Am i terribly dumb or we just take $f$ multiplicative and $f(p_1)=p_2,f(p_2)=p_3,...$ where $p_i$ is the primes sequence?

@MariusBocanu : I think you're wrong, Because if f(p∨1)=(p∨2) then (p∨1) should have (p∨2) divisors so (p∨i=2) which is contradiction. Am I wrong??

Oh, i totally misunderstood the problem. I read $m$ has the same number of divisors as $f(n)$ if and only if $f(m)$ has the same number of divisors as $n$. Sorry about that.

I Think the answer is Yes. Let $d(m)$ be the number of divisors of $m$. Let $T(n)$ be the set of numbers $x$ such that $d(x)=n$. We have that $d(m)=f(n) \Leftrightarrow d(f(m))=n$. So, first let $f(1)=1$, $f(2)=2$. Let $n\ge 2$ be an integer.
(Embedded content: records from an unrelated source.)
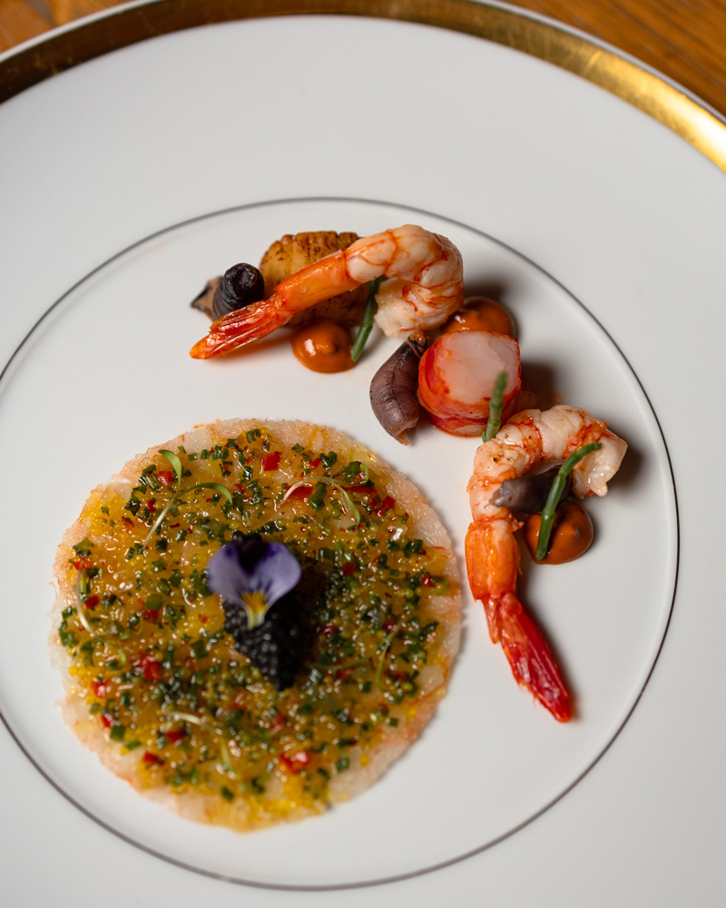 Este espaço apresenta um Menu de Degustação exclusivo por 95€ por pessoa (bebidas não incluídas). A experiência gastronómica inicia-se com snacks como mini tartelete de atum e ostras com beterraba. As entradas incluem espargos com pinhão e presunto, ceviche de vieira e tortellini de pato. Como pratos principais, destacam-se o linguado com funcho e a pintada com salsify. Para finalizar, as sobremesas incluem maracujá com hibiscus e pistáchio com lima. A harmonização vínica está disponível por 45€.
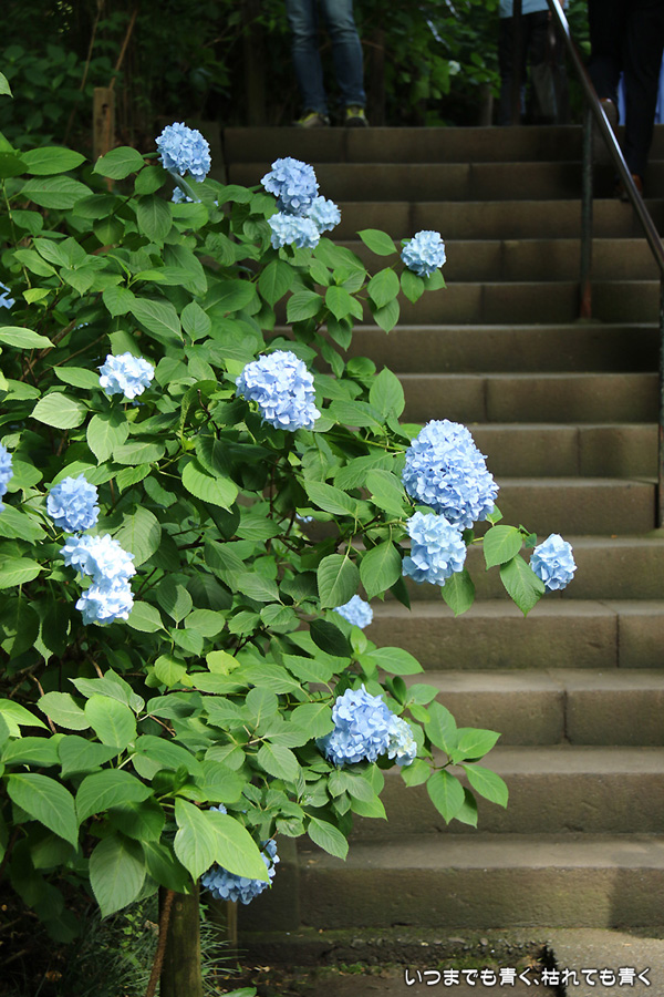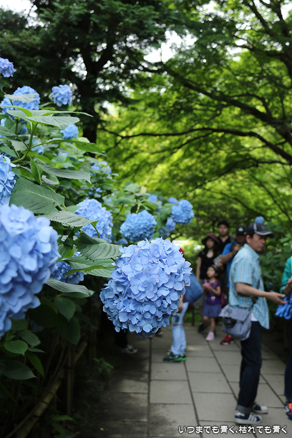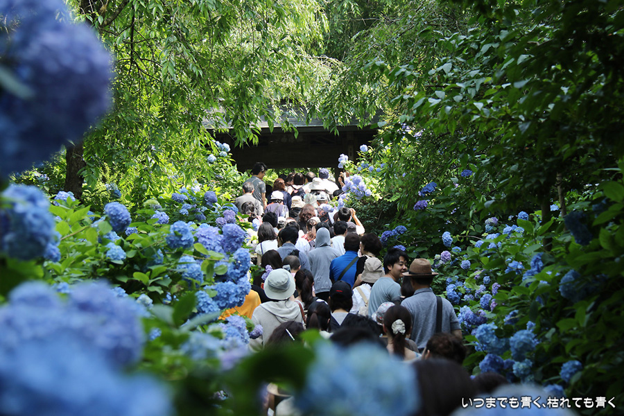 奥さんや娘は今年は都合がつかなかったので、今年の鎌倉は久しぶりのぶらりひとり旅。 今年はいろんな花の時期が早いので、例年より早い13日、14日に行ってきました。 ホテルに荷物を預ける時に、ホテルのお姉さんに「紫陽花は見頃ですか」と聞いたら、「まだ雨が降っていないので外側だけで全体には早いと思います」との答え。心配しながら13日に明月院、浄智寺、葛原岡神社、銭洗弁財天、14日に長谷寺、御霊神社、極楽寺などを見てきましたが、心配することもなく、どこもみんな見ごろでとてもきれいでした。この土日で正解だったと思います。紫陽花の花は長持ちするので、翌週の20日、21日もまだ充分楽しめると思います。 まずは、明月院のあじさい。 今年も明月院ブルーのあじさいがとても美しかったですが、その中に紫のあじさいが混じってきているのが気になりました。明月院の参道のあじさいは、明月院ブルー一色であってほしいものです。それにしても、人が多すぎ。写真を見ていただければわかりますが、あじさいを撮っているのか人を撮っているのかわからない状態です。今年はどうもテレビ番組の影響かあるようです。
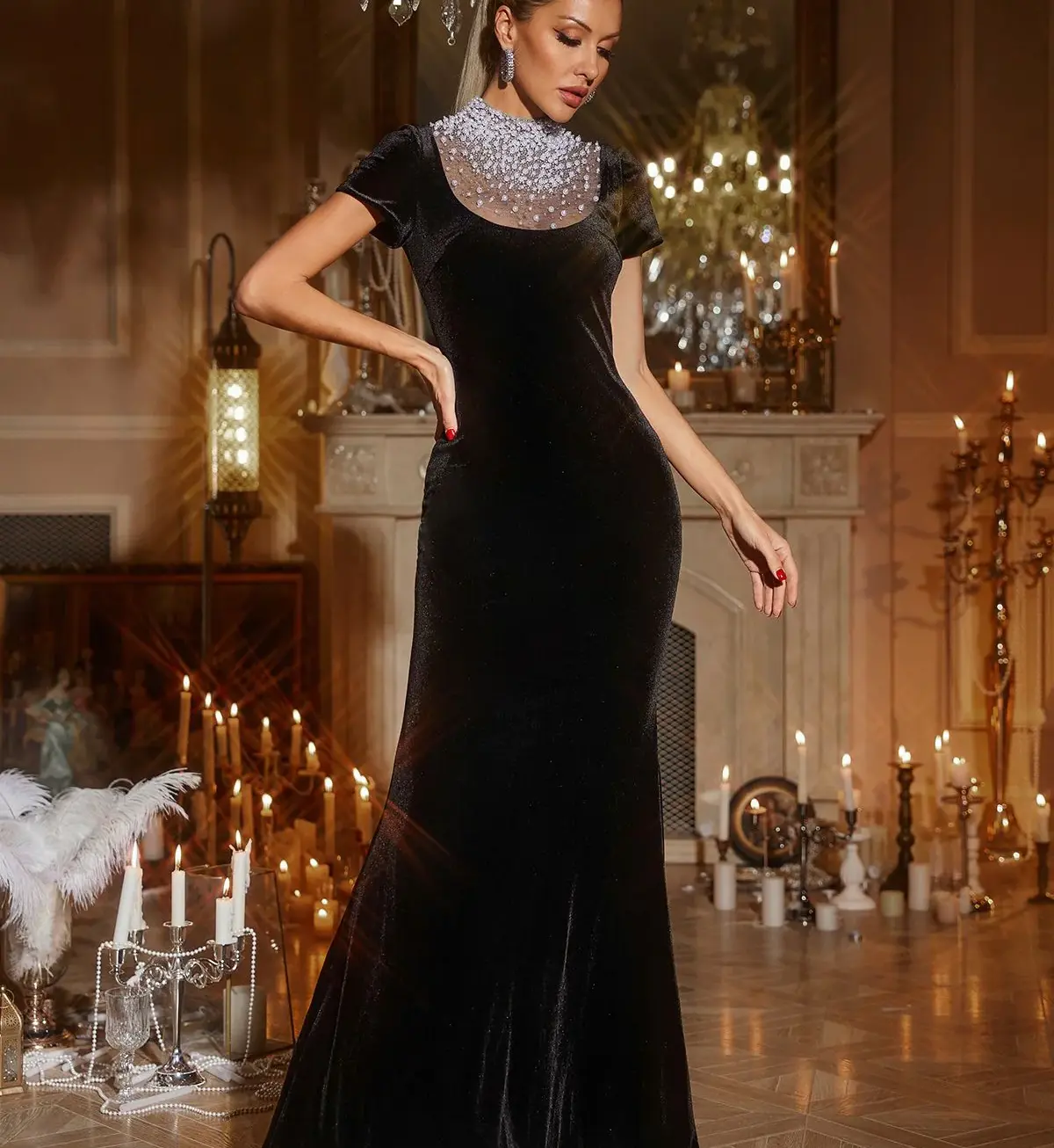 VESTIDO DE BRILLOS AZUL CON BLANCO
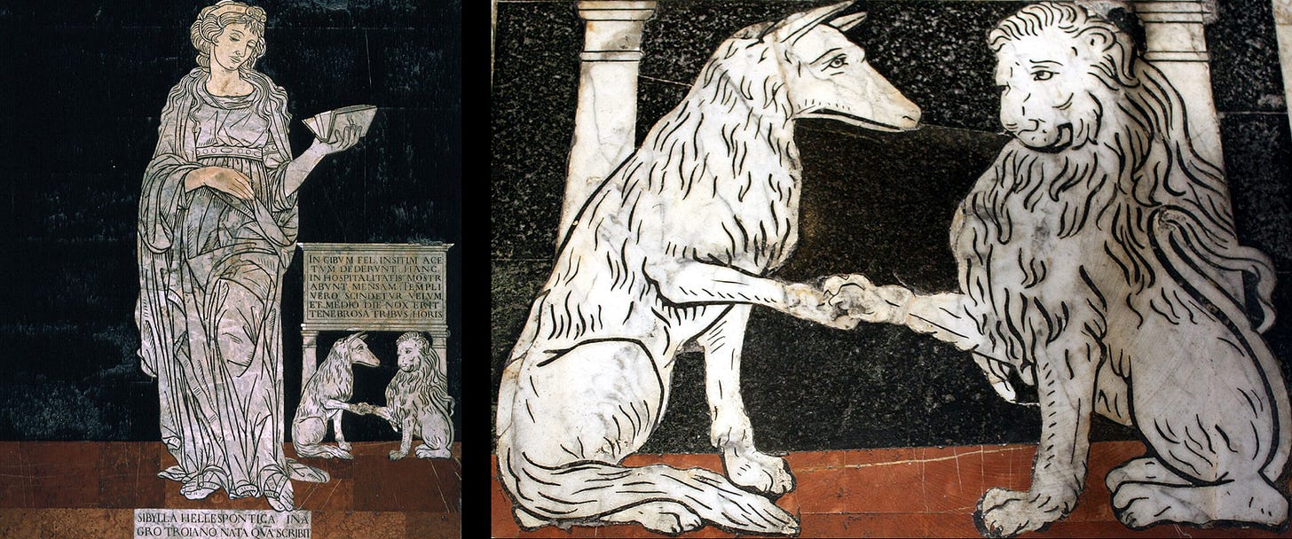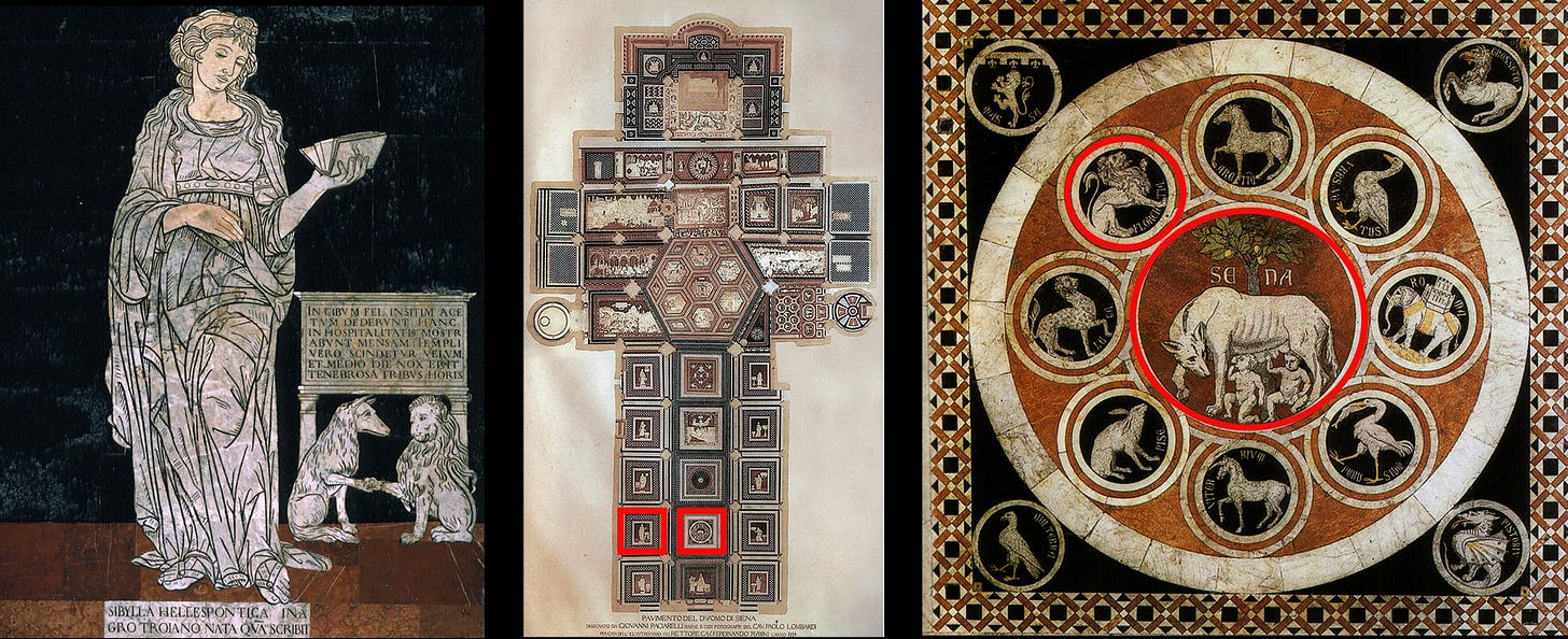 And then – most significantly of all – it must be recognized that there’s another marble floor mosaic directly adjacent to the Hellespontine Sibyl, where the iconic Sienese wolf and Florentine Lion (among others) are explicitly referenced.

Clearly if we apply function $d$ to $n$ many times, we will reach $2$. Let $h(n)$ be the number of iterations needed to reach $2$. Let $h(2)=0$. For all $k \ge 0$, for all $i_1,...,i_k$ positive integers, I will define the set $X_{ki_1...i_k}$ recursivlely as follows. $X_{ki_1...i_k}$ will be the set of numbers that are the $i_k$-th smallest element of $T(x)$, where $x$ runs across $X_{(k-1)i_1...i_{k-1}}$. It is easy to see that $n\ge 3$ belongs to exactly one of these sets. Let $k=h(n)-1$. Define $i_k$ so that $n$ is the $i_k$-th smallest element of $T(d(n))$. Let $i_{k-1}$ be so that $d(n)$ is the $i_{k-1}$ smallest element of $T(d(d(n))$. And so on, until we reach a number that belongs to $X_0$ (a prime number). By definition, $k$ was defined correctly. It is also clear that each $X$-set is infinite. Now, for each $n \ge 3$ we will have that $f(n)$ will belong to the same $X$-set that $n$ does. Define $f$ in $X_0$ randomly, as long as its a bijection. In other words, order the odd prime numbers like this: $,...,p_{-1},p_0,p_1,...$ and let $f(p_i)=p_{i+1}$. Now, for set $X_{ki_1...i_k}$, let $n$ be any element of that set. We define $n$ as follows. Consider $f$ in $X_{(k-1)i_1...i_{k-1}}$. If $f(m)=d(n)$ then we will have exactly one number $m'$ in $X_{ki_1...i_k}$ such that $d(m')=m$. So we will define $f(n)=m'$. So we have defined $f$ such that it's a bijection, it's well defined and clearly $f(3)\neq 3$. Also, if $d(m)=f(n)$ then by definition, $f(m)=n'$ where $n'$ is such that $d(n')=n$. Also, if $d(f(m))=n$ then by definition $d(m)=f(n)$, by the recursive definition of the $X$-sets. So such a function does exist.